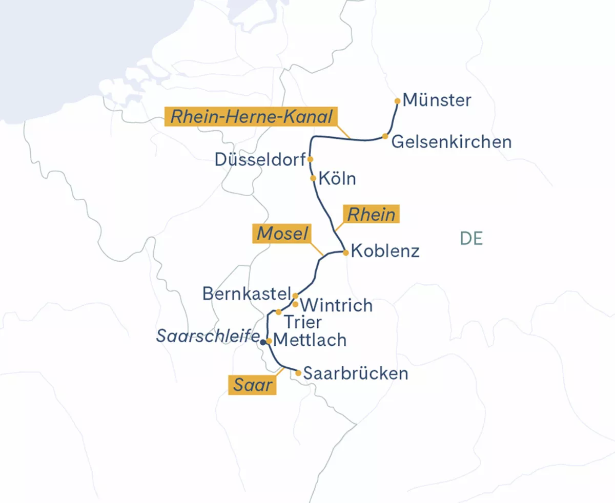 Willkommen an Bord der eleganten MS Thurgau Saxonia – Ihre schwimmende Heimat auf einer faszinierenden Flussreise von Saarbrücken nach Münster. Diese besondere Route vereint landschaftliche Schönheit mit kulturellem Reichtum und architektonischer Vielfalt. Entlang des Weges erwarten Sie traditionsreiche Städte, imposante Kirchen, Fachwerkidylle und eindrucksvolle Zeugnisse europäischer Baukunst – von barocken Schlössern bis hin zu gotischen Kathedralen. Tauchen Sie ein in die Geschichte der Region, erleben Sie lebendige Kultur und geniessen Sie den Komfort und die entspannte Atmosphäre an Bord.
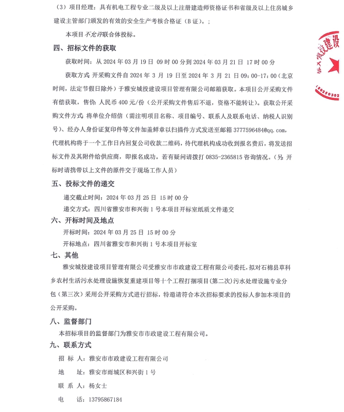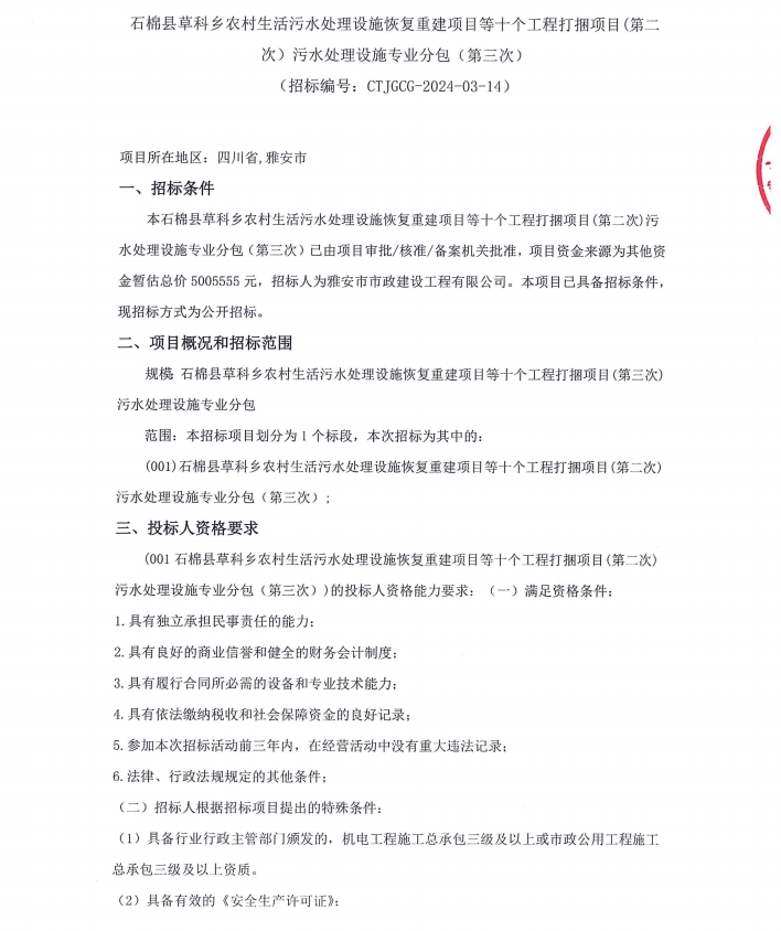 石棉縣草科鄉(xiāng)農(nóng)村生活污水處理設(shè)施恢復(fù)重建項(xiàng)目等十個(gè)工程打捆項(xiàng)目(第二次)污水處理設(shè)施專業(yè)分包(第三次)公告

•••••

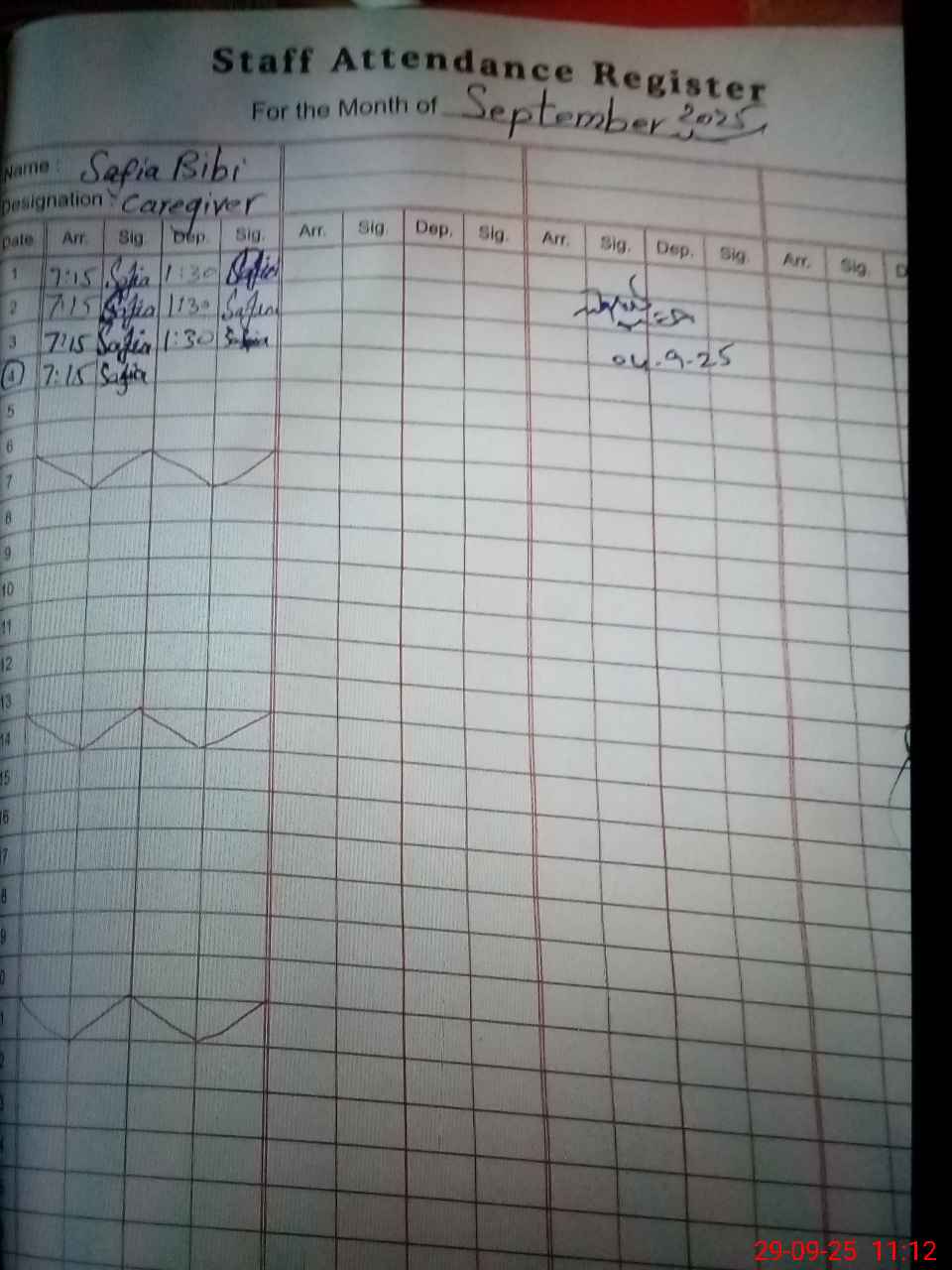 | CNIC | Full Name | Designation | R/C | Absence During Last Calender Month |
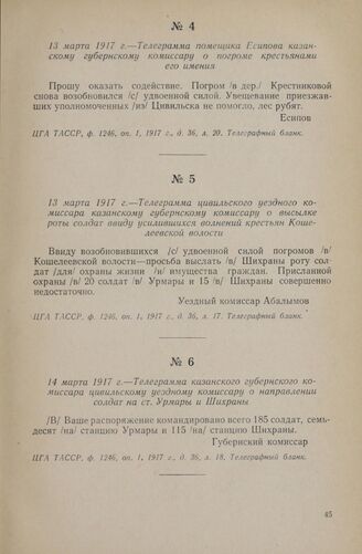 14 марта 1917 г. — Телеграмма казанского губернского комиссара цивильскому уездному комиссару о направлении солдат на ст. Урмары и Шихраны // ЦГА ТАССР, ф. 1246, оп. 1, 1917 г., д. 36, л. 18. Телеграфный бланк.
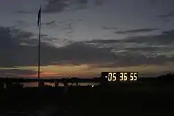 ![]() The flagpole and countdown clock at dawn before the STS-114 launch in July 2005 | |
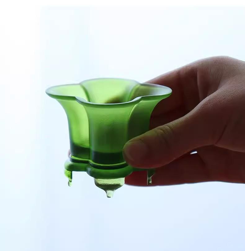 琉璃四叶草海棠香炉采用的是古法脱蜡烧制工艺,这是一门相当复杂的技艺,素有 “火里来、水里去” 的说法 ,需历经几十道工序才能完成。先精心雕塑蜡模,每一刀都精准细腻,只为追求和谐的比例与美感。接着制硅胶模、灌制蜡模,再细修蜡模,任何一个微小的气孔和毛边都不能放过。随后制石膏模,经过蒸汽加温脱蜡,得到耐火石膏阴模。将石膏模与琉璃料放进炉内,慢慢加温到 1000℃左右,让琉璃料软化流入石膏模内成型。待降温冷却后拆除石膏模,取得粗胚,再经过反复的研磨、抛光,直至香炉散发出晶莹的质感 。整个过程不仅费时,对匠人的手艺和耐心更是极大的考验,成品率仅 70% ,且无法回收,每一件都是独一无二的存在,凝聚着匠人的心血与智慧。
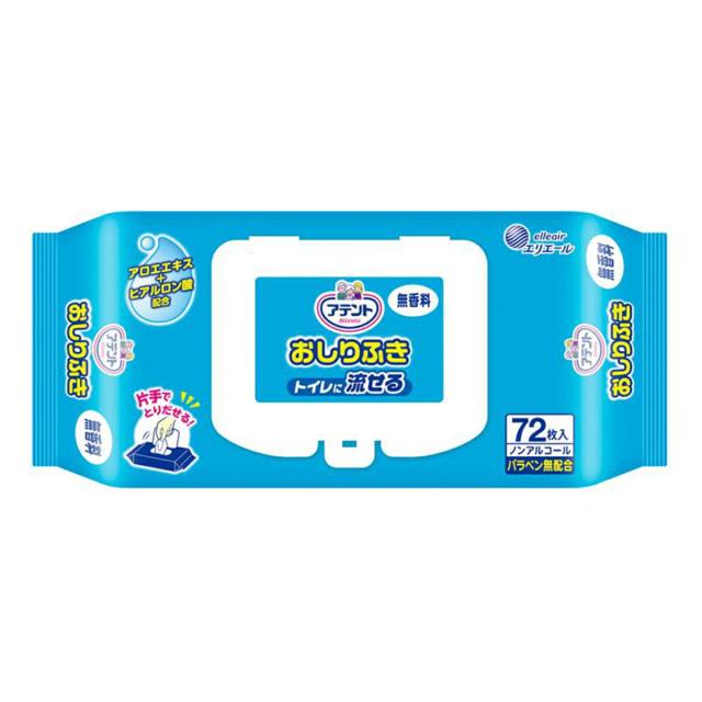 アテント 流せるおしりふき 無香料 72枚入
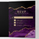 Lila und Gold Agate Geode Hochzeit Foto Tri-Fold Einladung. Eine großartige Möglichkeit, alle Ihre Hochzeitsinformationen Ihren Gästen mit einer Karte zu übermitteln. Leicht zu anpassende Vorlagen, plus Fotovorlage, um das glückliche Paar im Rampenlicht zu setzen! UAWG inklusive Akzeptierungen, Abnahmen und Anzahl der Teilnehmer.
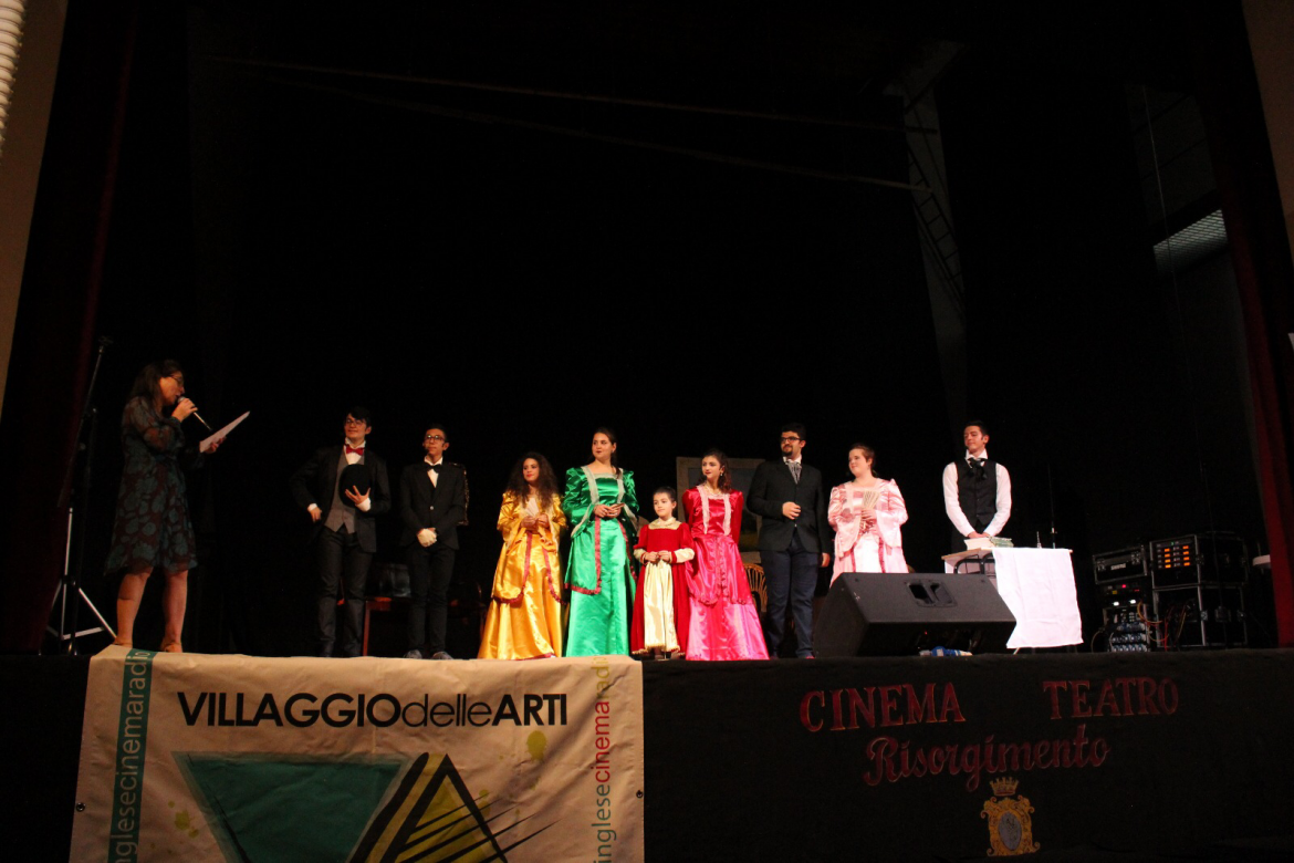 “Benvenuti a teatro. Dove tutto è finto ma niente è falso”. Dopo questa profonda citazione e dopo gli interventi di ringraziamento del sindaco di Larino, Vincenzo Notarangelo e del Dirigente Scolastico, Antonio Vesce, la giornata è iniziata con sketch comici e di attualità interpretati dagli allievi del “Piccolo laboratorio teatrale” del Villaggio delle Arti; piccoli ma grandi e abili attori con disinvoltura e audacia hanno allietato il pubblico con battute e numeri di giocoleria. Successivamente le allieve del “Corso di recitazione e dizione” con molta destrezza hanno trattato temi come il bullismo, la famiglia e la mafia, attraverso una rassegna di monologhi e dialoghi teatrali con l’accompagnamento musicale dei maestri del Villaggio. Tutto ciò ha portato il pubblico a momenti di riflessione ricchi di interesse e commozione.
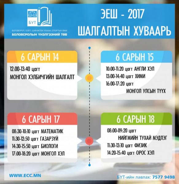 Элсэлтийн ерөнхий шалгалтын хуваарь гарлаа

•••••

EXERCISE:
Output exactly those lines of the data above that run from the line with "Willkommen an Bord" up to and including the line with "石棉縣草科鄉(xiāng)農". No pictures go in.

EXERCISE OUTPUT:
 Willkommen an Bord der eleganten MS Thurgau Saxonia – Ihre schwimmende Heimat auf einer faszinierenden Flussreise von Saarbrücken nach Münster. Diese besondere Route vereint landschaftliche Schönheit mit kulturellem Reichtum und architektonischer Vielfalt. Entlang des Weges erwarten Sie traditionsreiche Städte, imposante Kirchen, Fachwerkidylle und eindrucksvolle Zeugnisse europäischer Baukunst – von barocken Schlössern bis hin zu gotischen Kathedralen. Tauchen Sie ein in die Geschichte der Region, erleben Sie lebendige Kultur und geniessen Sie den Komfort und die entspannte Atmosphäre an Bord.
 石棉縣草科鄉(xiāng)農(nóng)村生活污水處理設(shè)施恢復(fù)重建項(xiàng)目等十個(gè)工程打捆項(xiàng)目(第二次)污水處理設(shè)施專業(yè)分包(第三次)公告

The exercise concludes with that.